Les Amandiers

Actuellement au cinéma

© Ad Vitam

Le film s’ouvre sur une femme étranglée par un homme. Les insultes, menaces, déclarations d’amour pervers fusent, et entre les explosions de larmes et de cris s’intercalent, impitoyablement silencieux, les visages du jury. Nous sommes au concours d’entrée des Amandiers, Graal de tous les jeunes comédiens d’Europe, école que Valeria Bruni-Tedeschi a autrefois fréquenté et à laquelle elle rend ici hommage, à mi-chemin entre le souvenir fiévreux et la fiction.

« Si tu as honte, c’est bien. Ça veut dire que tu te dévoiles » assure Adèle (Clara Bretheau), déterminée à réussir coûte-que-coûte, à Stella (Nadia Tereszkiewicz), qui est persuadée d’avoir ratée, malmenée par le jury pour s’être dénudée sur scène. Toutes les stratégies sont bonnes, et la magistrale séquence d’introduction présente chaque personnage à travers leur audace, leur folie et -surtout- leur fragilité. C’est, entres autres, Victor (Vassili Schneider) qui se couvre de sang et bouscule un des membres du jury ; ou alors Franck (Noham Edje) qui n’hésite pas à utiliser comme argument sa précarité et sa femme enceinte. Qu’à cela ne tienne : pour ces enfants terribles, l’entrée aux Amandiers est la promesse d’un triomphe sur les planches comme dans la vie.

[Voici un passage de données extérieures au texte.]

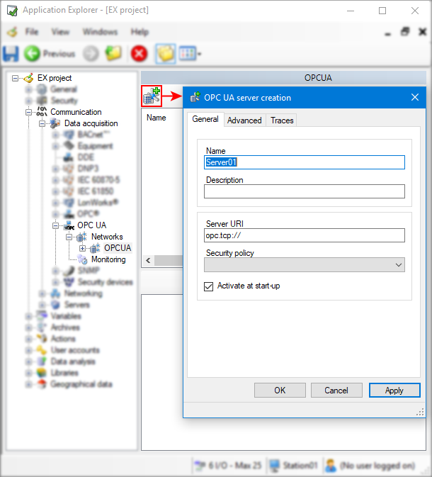 OPC UA servers can be configured in PcVue via the Application Explorer. The configuration starts with creating an OPC UA network and adding a server to the network.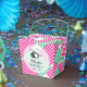 Boîte de faveur de style à emporter avec une dame dans son chapeau Derby sur le côté avec votre message sur un fond de rose chaud, de vert et de blanc en bandes diagonales. Une façon amusante de remercier les invités d'être venus à votre douche de mariage sur le thème de Derby ou de changer le texte et de l'utiliser pour une fête d'anniversaire ou toute autre occasion. Dimensions : 2" de large x 2" de long x 2,75" de haut. Articles CORRESPONDANTS dans notre magasin.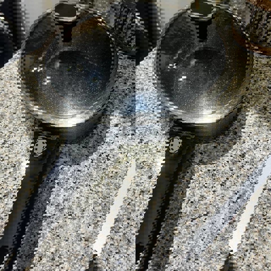 Сковорода со съемной ручкой и высокими бортами.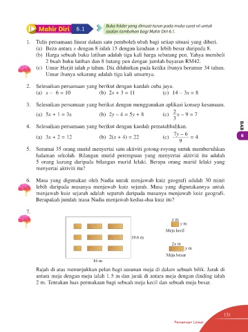 1. Tulis persamaan linear dalam satu pemboleh ubah bagi setiap situasi yang diberi.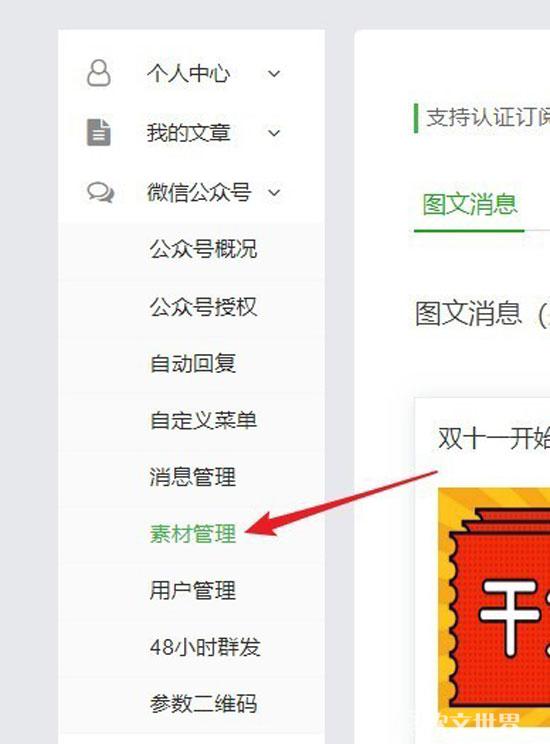 5.頁面跳轉以后,點擊“素材管理”,找到剛才同步的文章,按照微信公眾平臺發送文章的方法操作即可。
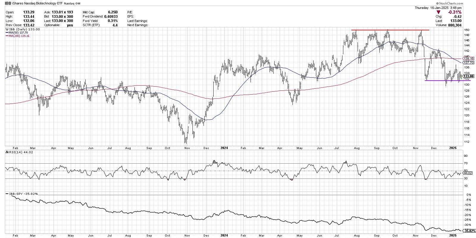 While financials have rotated higher this week, the iShares Nasdaq Biotechnology ETF (IBB) remains in a primary downtrend. However, with IBB bouncing off support around $131, this could be a setup for a bullish price rotation.
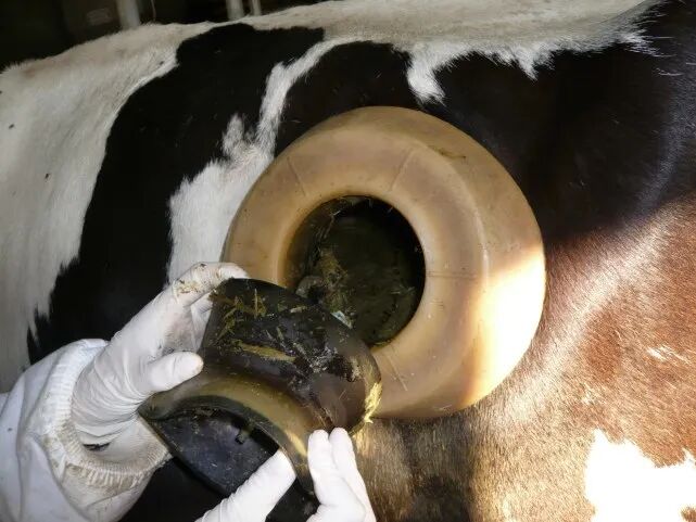 研究人员为了对肉牛或者奶牛的消化系统进行研究和分析,通过手术给牛安装一个套管,然后通过套管直接进入牛的瘤胃,随时获取牛胃中的样本。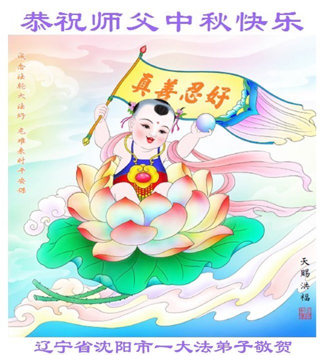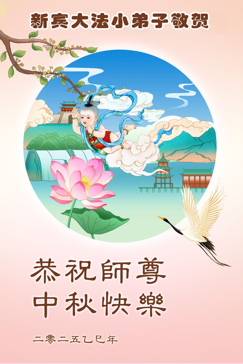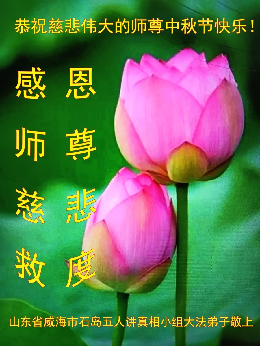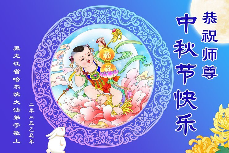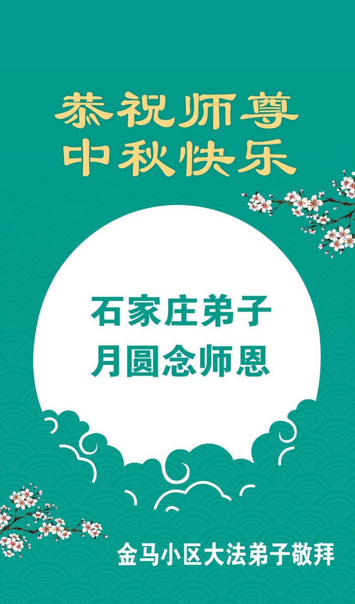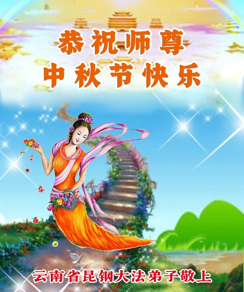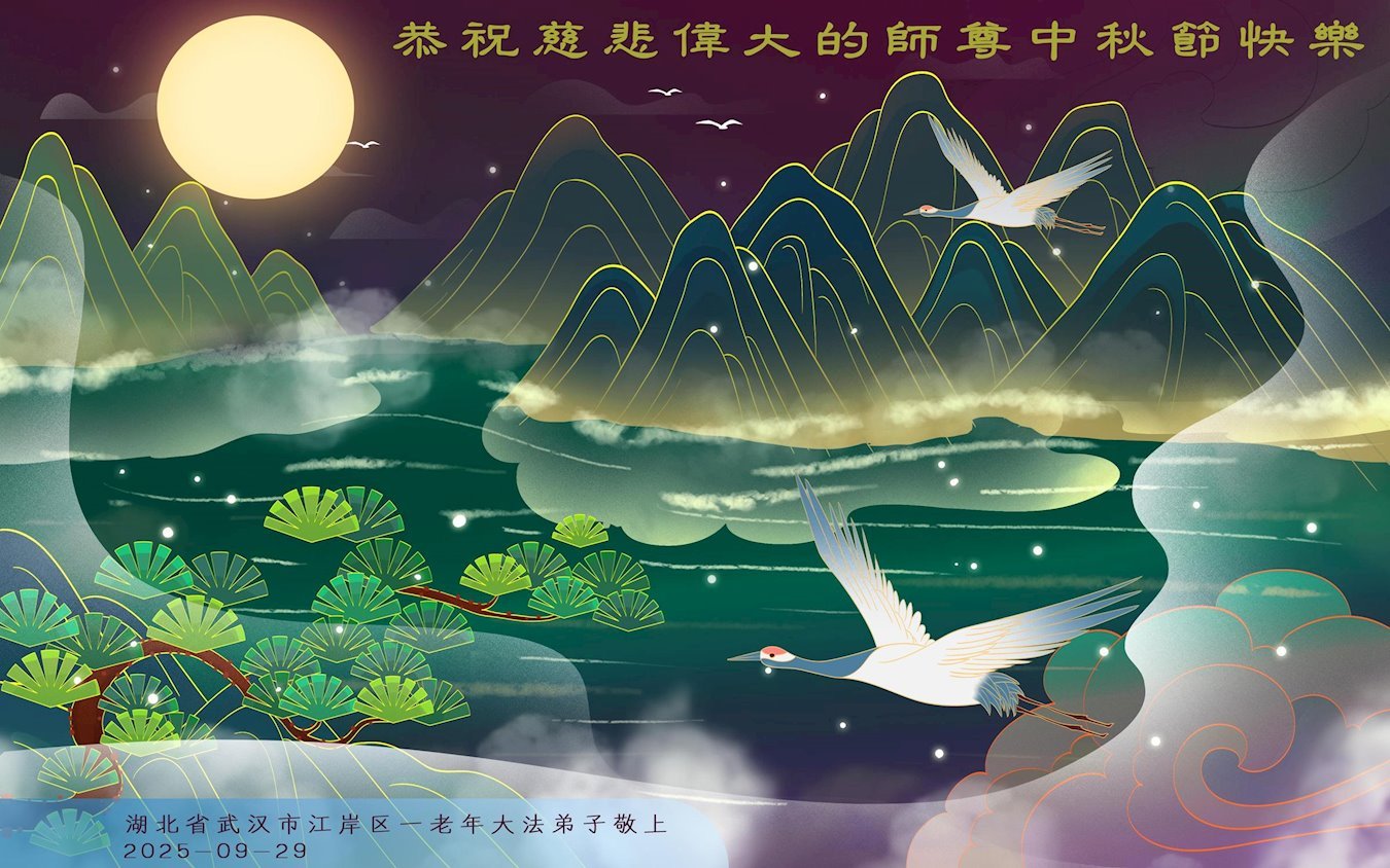 我們大法弟子攜家人和明真相的世人恭祝師尊中秋節快樂!師尊辛苦了!謝謝師尊的慈悲苦度!弟子一定破除舊勢力的安排,消除間隔,形成強大的整體,反迫害,救度眾生。弟子們要多學法,學好法,發好正念,向內找,兌現自己的誓約,跟師父回家。

Ils se heurteront aux rouages d’une école aussi névrosée avec pour fond tous les fléaux de la décennie, des piqûres d’héroïne à l’insidieux fantôme du SIDA.

Pour les Amandiers, la scène est le déferlement de toutes les passions, l’univers sans pitié d’un jeu à vif, la quête sans fin de l’émotion juste, peu importe le prix. Parce que tout repose sur les (frêles) épaules des comédiens, Valeria Bruni-Tedeschi se concentre sur leurs visages, tirés, aux grands yeux ouverts, là où se joue la véritable magie du théâtre. Le spectateur plonge alors dans ses faciès torturés, ses gros plans qui seraient outranciers si ce n’étaient le formidables talents des acteurs ainsi que la folle richesse des situations, parfois hilarantes, souvent déchirantes.

« Je suis un esprit trop libre et profond pour être enfermé » assure Étienne (Sofiane Bennacer), en transe, alors qu’il simule un suicide sur scène. Comment ces êtres alors débordant de vitalité peuvent-ils s’exprimer ensemble, dans un même espace claustrophobique où il faut sans cesse se prouver ? Rares sont les personnages à être statiques, au repos. Dans cet univers, le mouvement prime, avec ses rires, ses larmes, ses amours et ses chants. Le force de toute cette énergie est trop lourde. Alors les planches de la scène se fissurent et laissent déferler des émotions trop crues que même les professeurs, tout aussi perdus, ne peuvent contenir. 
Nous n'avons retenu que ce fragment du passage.